:: WHAT YOU HAVE TO DO ::
In the data below, set down exactly the lines from the one containing "Herní stůl je" up to and including the one containing "روسری گیپور مشکی". Leave the pictures out.

:: LISTED ENTRIES ::
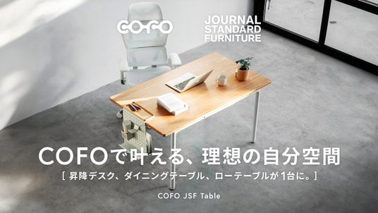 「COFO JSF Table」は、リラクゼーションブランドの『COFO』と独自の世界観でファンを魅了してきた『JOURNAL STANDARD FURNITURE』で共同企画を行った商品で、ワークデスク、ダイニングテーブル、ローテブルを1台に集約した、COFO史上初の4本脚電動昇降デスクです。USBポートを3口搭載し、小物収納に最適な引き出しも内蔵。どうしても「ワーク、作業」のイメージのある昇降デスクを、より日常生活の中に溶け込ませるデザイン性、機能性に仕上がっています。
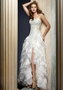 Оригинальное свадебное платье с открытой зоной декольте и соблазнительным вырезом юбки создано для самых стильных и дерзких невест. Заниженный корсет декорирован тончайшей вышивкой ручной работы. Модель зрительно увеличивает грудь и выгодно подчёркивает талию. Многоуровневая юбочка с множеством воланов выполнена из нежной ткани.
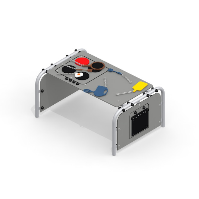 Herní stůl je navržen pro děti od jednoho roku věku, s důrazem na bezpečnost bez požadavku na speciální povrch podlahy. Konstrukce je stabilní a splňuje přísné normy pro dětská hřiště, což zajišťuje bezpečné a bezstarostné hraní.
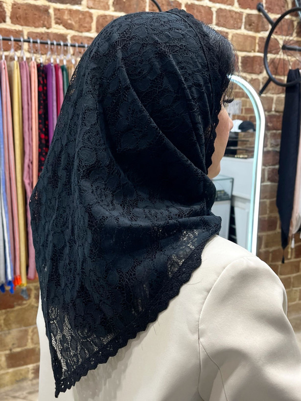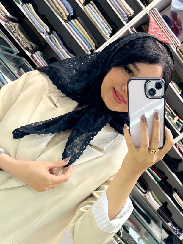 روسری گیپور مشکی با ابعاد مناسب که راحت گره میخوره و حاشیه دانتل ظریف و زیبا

==

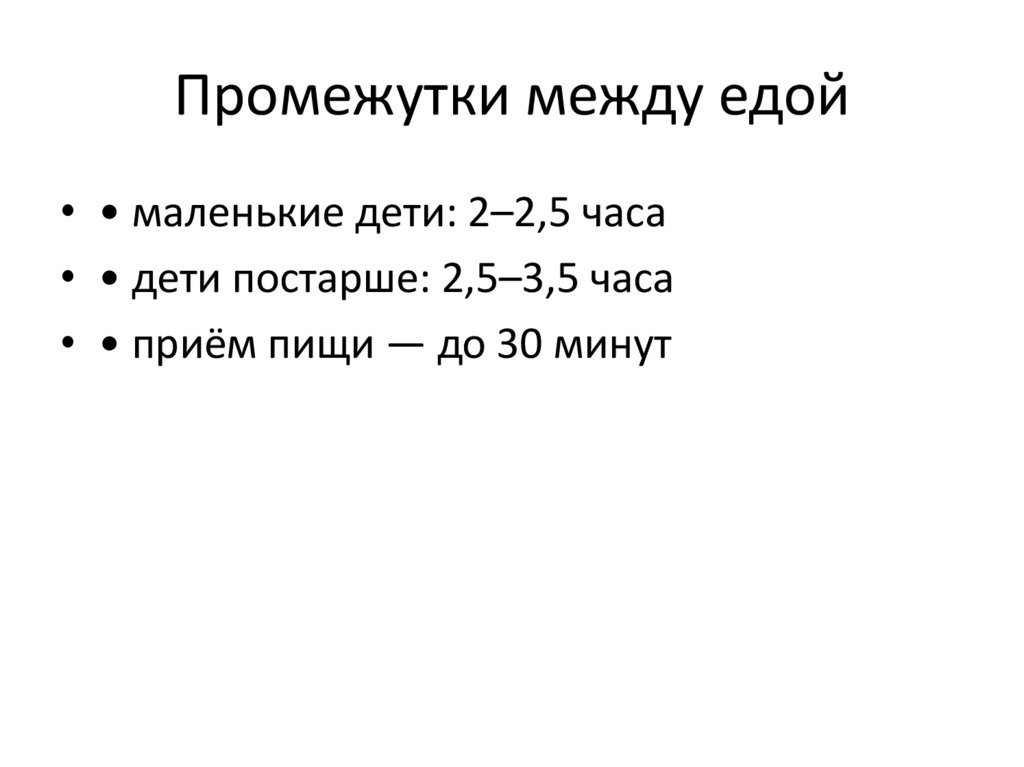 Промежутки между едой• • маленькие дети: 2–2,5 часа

:: WRITTEN ANSWER ::
 Herní stůl je navržen pro děti od jednoho roku věku, s důrazem na bezpečnost bez požadavku na speciální povrch podlahy. Konstrukce je stabilní a splňuje přísné normy pro dětská hřiště, což zajišťuje bezpečné a bezstarostné hraní.
 روسری گیپور مشکی با ابعاد مناسب که راحت گره میخوره و حاشیه دانتل ظریف و زیبا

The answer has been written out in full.